Not be subject to automated decisions — we do not make solely automated decisions that produce legal or similarly significant effects on you (Article 22). The AI coach generates suggestions, not decisions about you.

We will respond to your request within one month, or tell you why we need longer (up to two further months).

You can also opt out of analytics at any time inside the App, in Settings → Privacy → Analytics.

If you believe we have mishandled your personal data, you have the right to complain to the Czech Data Protection Authority, the Úřad pro ochranu osobních údajů (ÚOOÚ):

Úřad pro ochranu osobních údajů
Pplk.
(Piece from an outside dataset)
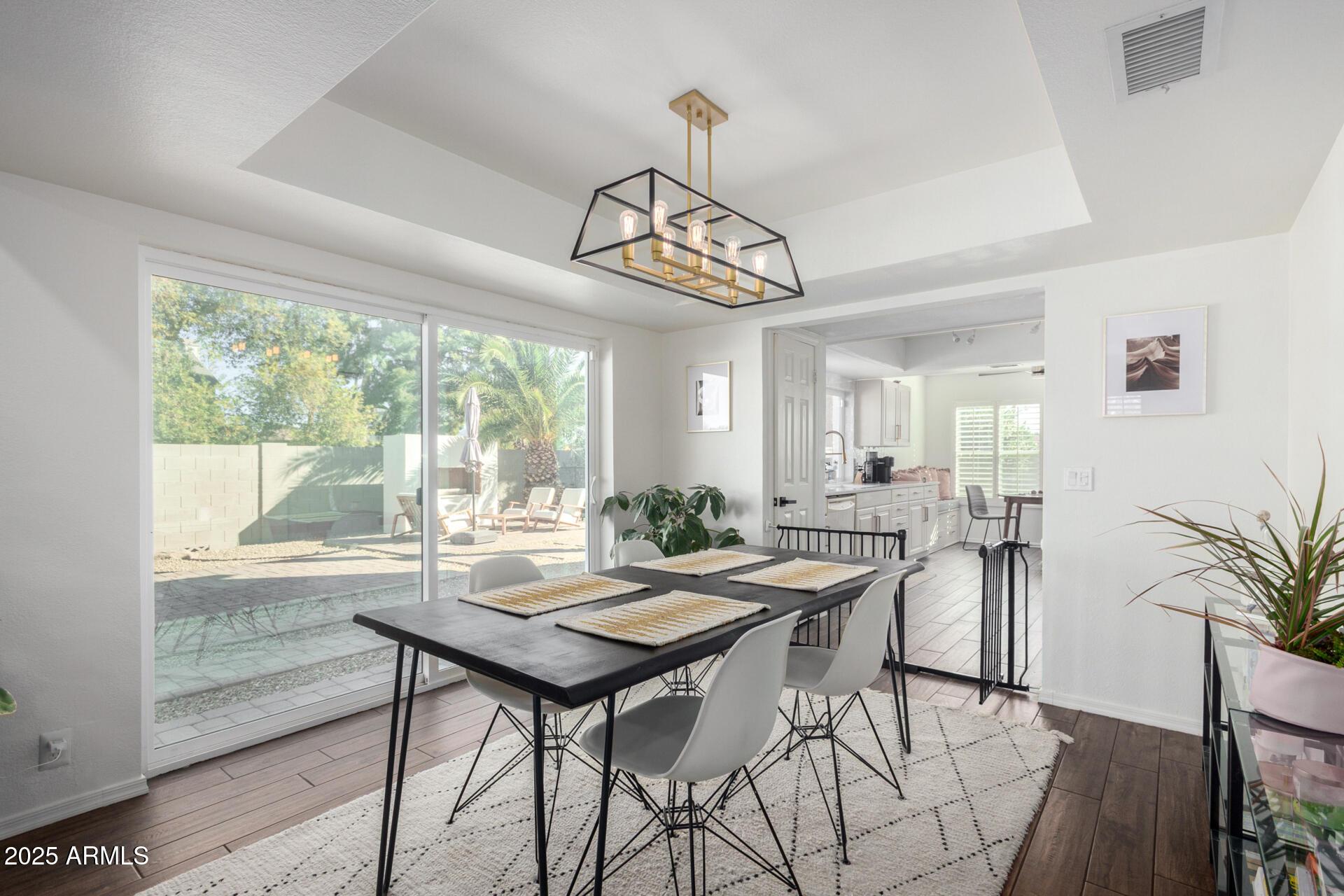 Beautiful large corner lot 3 bedroom, 2.5 bath home in a great location in the heart of Scottsdale. Convenient to major highways, Old Town, Sky Harbor Airport, Spring Training games, shopping and dining, and numerous walking and biking paths. The main level includes a lovely foyer with formal living and dining room, great family room with wood burning fireplace, and vaulted ceilings. The comfortably large kitchen area overlooks the large backyard with fenced pool and grassy area. Recently remodeled features include new HVAC in 2024, dual pane windows, solar panels, walk in shower, and skylight in main downstairs ensuite bathroom, new ceiling fans, electric water heater, and security system.

Sochora 27, 170 00 Praha 7
Telephone: +420 234 665 111
Web: uoou.gov.cz

You may also contact the supervisory authority in your EU country of residence.

9. Children

Runmo is not intended for users under the age of 16. We do not knowingly collect personal data from anyone under 16. If you become aware that a child under 16 has used Runmo, please contact us at support@runmo.app and we will delete the relevant data.

10. Security

We protect your data using a combination of measures appropriate to the risk:

End-user device security. Most of your data lives on your device and is protected by Apple's device-level security (passcode, Face ID/Touch ID, file-system encryption) and your iCloud account.
Transport security. All communication between the App and our coach API uses TLS 1.2 or later.
Request integrity. Every coach API request is cryptographically signed with Apple App Attest, which prevents replay and tampering.
Data minimisation. We do not store the contents of AI coach requests on our servers, and we do not maintain a database of user training data.
Access controls. Only a limited number of people at Runmo have access to our infrastructure, with multi-factor authentication required.

No system is perfectly secure. If we ever discover a personal-data breach that is likely to result in a risk to your rights and freedoms, we will notify the ÚOOÚ within 72 hours and notify you without undue delay where required.

11. Cookies and tracking on runmo.app

Our website at runmo.app uses only essential technical cookies needed to load the page. We do not use advertising cookies, analytics cookies, or any third-party tracking on the website. If this changes in future, we will update this policy and ask for your consent before placing any non-essential cookies.

12. Changes to this policy

We may update this Privacy Policy from time to time. When we make material changes we will notify you through the App and update the "Last updated" date at the top of this policy. We will keep previous versions available on request.